With the pictures omitted, set down exactly the lines from the one that contains "2月28日下午, 机械工程学" through the last line of the data.

-- Extracted information follows --

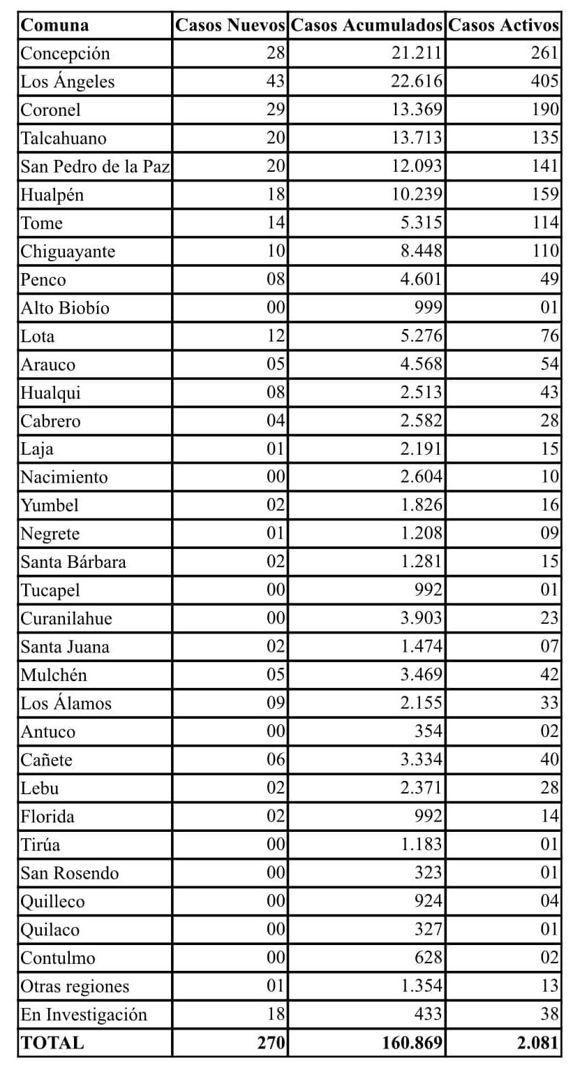 Según el informe, 23 de las 33 comunas de la región presentaron casos nuevos. En tanto, las comunas de Los Ángeles y Concepción lideran las cifras con 401 y 261 casos activos, respectivamente .
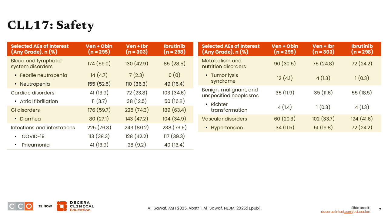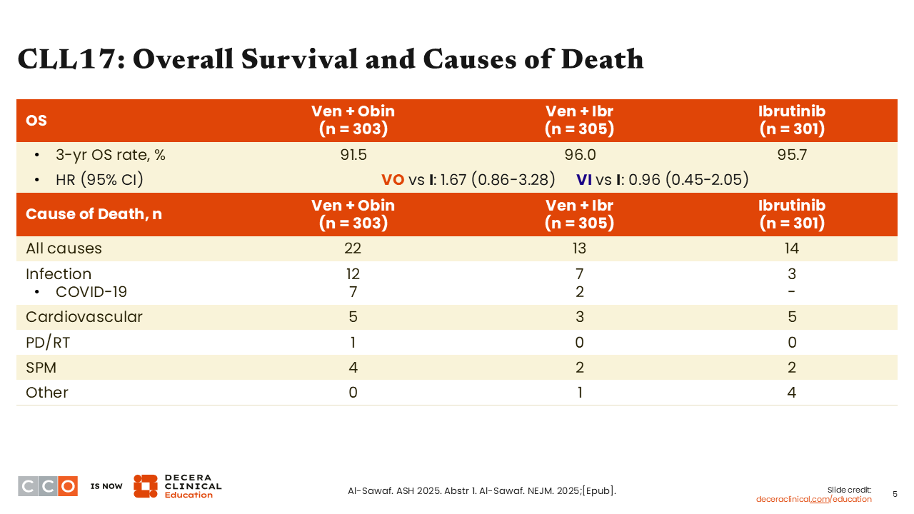But I think in the context of the AMPLIFY trial, the CLL17 trial validates that a BTK inhibitor plus venetoclax-based approach is highly effective. As Dr Kahl pointed out, these studies have shown that obinutuzumab-containing arms have higher rates of infection, including serious infections. This study adds to my shift to considering acalabrutinib plus venetoclax as a highly effective time-limited therapy option for most patients.
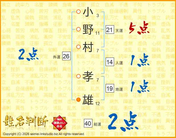 小(3画)野(11画)村(7画) 孝(7画)雄(12画)
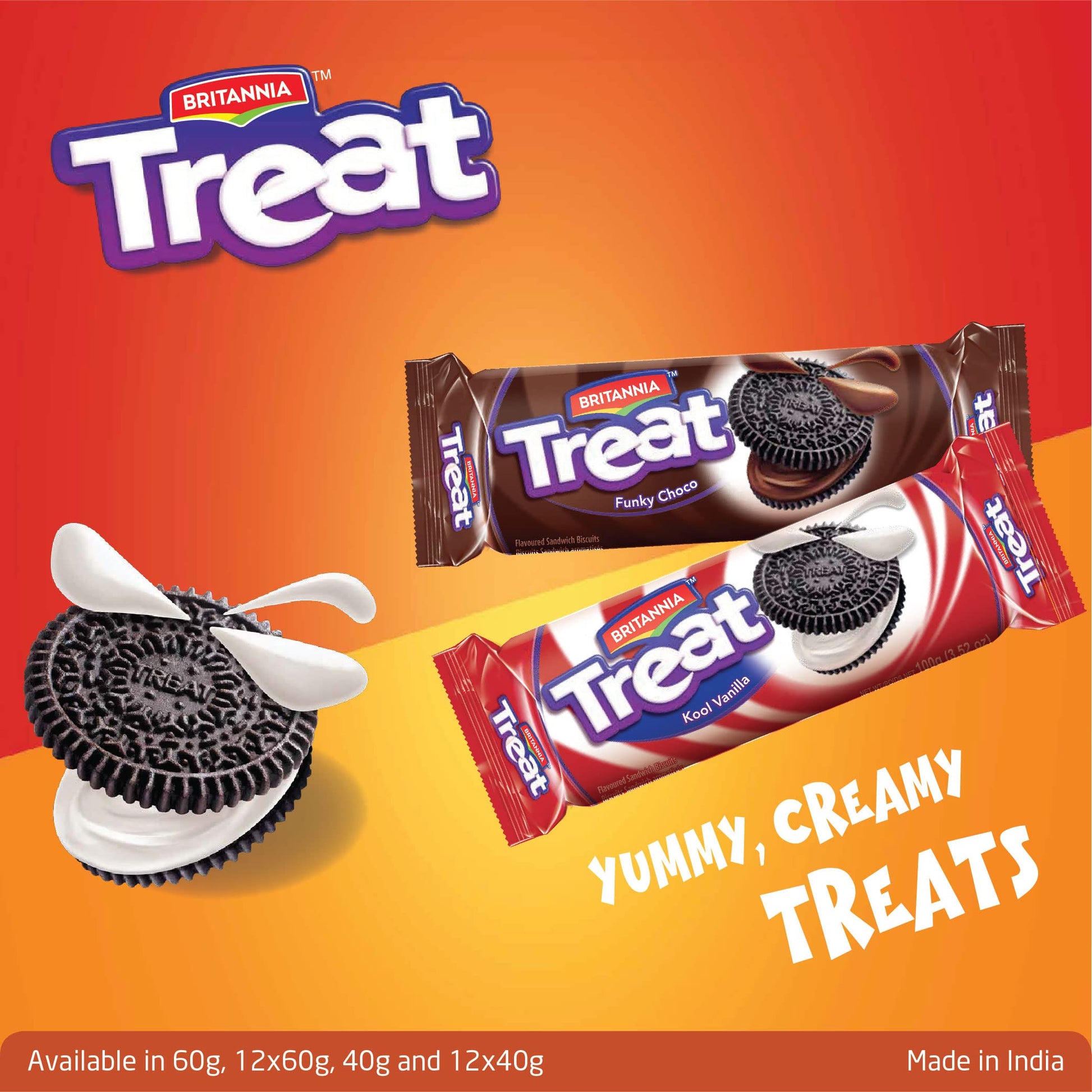 - Britannia Treat Choco cookies are a range that encapsulates a magical journey of taste, presented in various flavors like deuce milk choco, deuce white choco, vanilla cream. The outer cookies are baked to taste light and delicate while the filling is similar to the taste of a fudgy chocolate brownie.
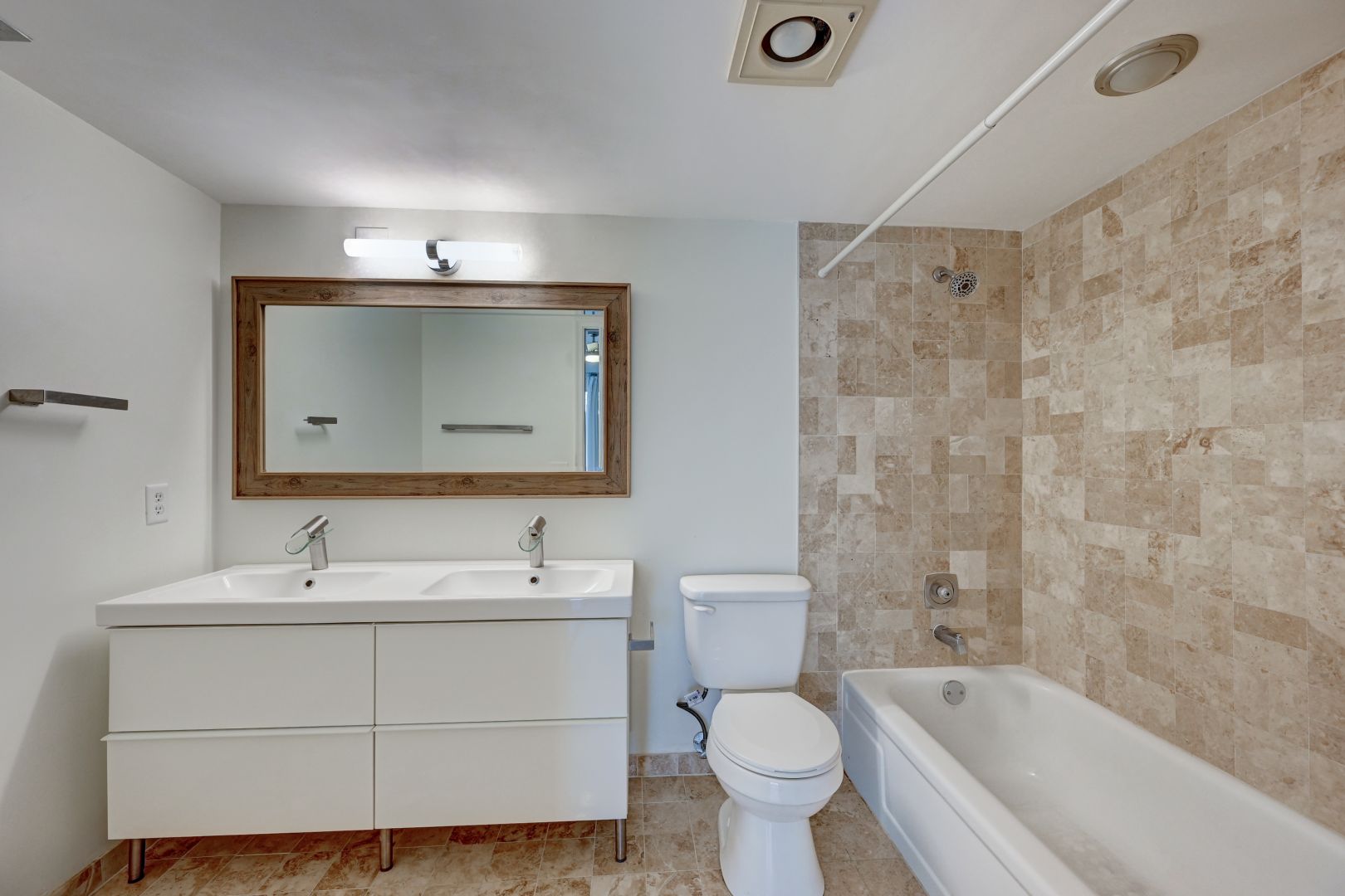 Baseboards Wall, Combined Bath Shower, Double Sink, Drywall, Full Bathroom, Tile Floor, Vanity, Double Vanity
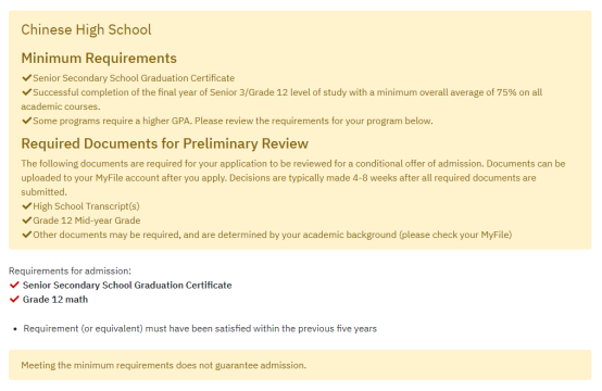 约克大学对于中国高中生的最低申请要求是:
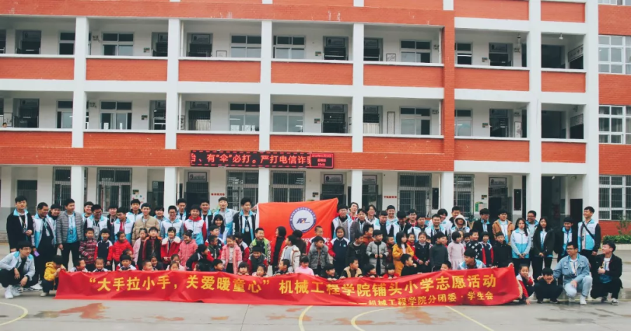 2月28日下午, 机械工程学院学生会组织了四十余名志愿者来到枫亭镇铺头小学,与一年级的小朋友们开展“大手拉小手,关爱暖童心”志愿服务活动,虽然午后下着雨,但志愿者们的热情不减,他们在班级里向小朋友们介绍雷锋生平事迹,传播雷锋乐于助人的精神,还教小朋友们学唱歌曲《学习雷锋好榜样》。
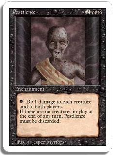 <B>: Do 1 damage to each creature and to both players. If there are no creatures in play at the end of any turn, Pestilence must be discarded.
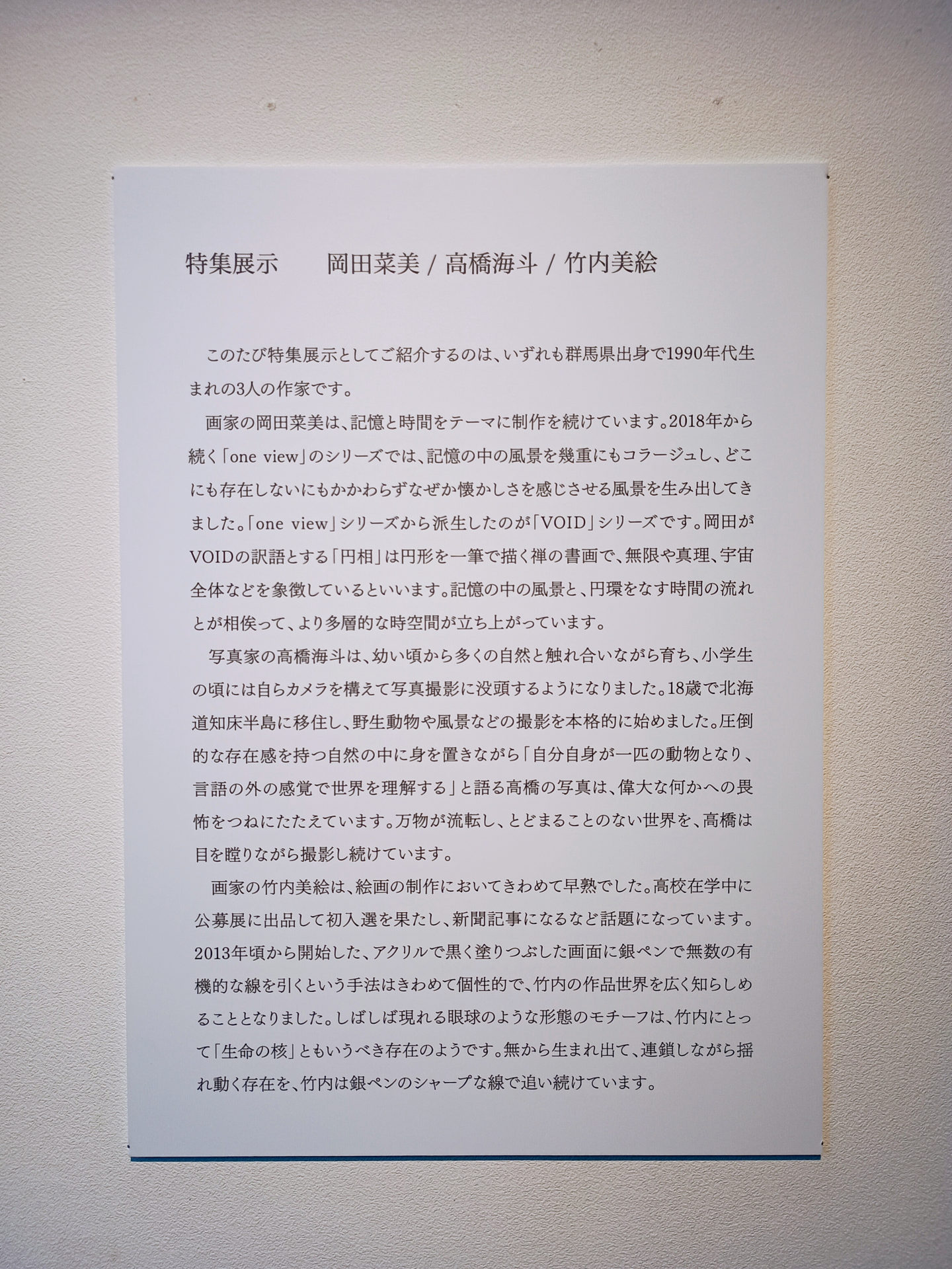 Additionally, Okada will take part in a gallery talk on Sunday, December 8, at 2:00 p.m. Advance registration is required for the “Nami Okada Gallery Talk.” If you would like to attend, please call the Takasaki Museum of Art at 027-324-6125, starting at 10:00 a.m. on Monday, November 11.

-- Extracted information concluded --

### The completed task
 2月28日下午, 机械工程学院学生会组织了四十余名志愿者来到枫亭镇铺头小学,与一年级的小朋友们开展“大手拉小手,关爱暖童心”志愿服务活动,虽然午后下着雨,但志愿者们的热情不减,他们在班级里向小朋友们介绍雷锋生平事迹,传播雷锋乐于助人的精神,还教小朋友们学唱歌曲《学习雷锋好榜样》。
 <B>: Do 1 damage to each creature and to both players. If there are no creatures in play at the end of any turn, Pestilence must be discarded.
 Additionally, Okada will take part in a gallery talk on Sunday, December 8, at 2:00 p.m. Advance registration is required for the “Nami Okada Gallery Talk.” If you would like to attend, please call the Takasaki Museum of Art at 027-324-6125, starting at 10:00 a.m. on Monday, November 11.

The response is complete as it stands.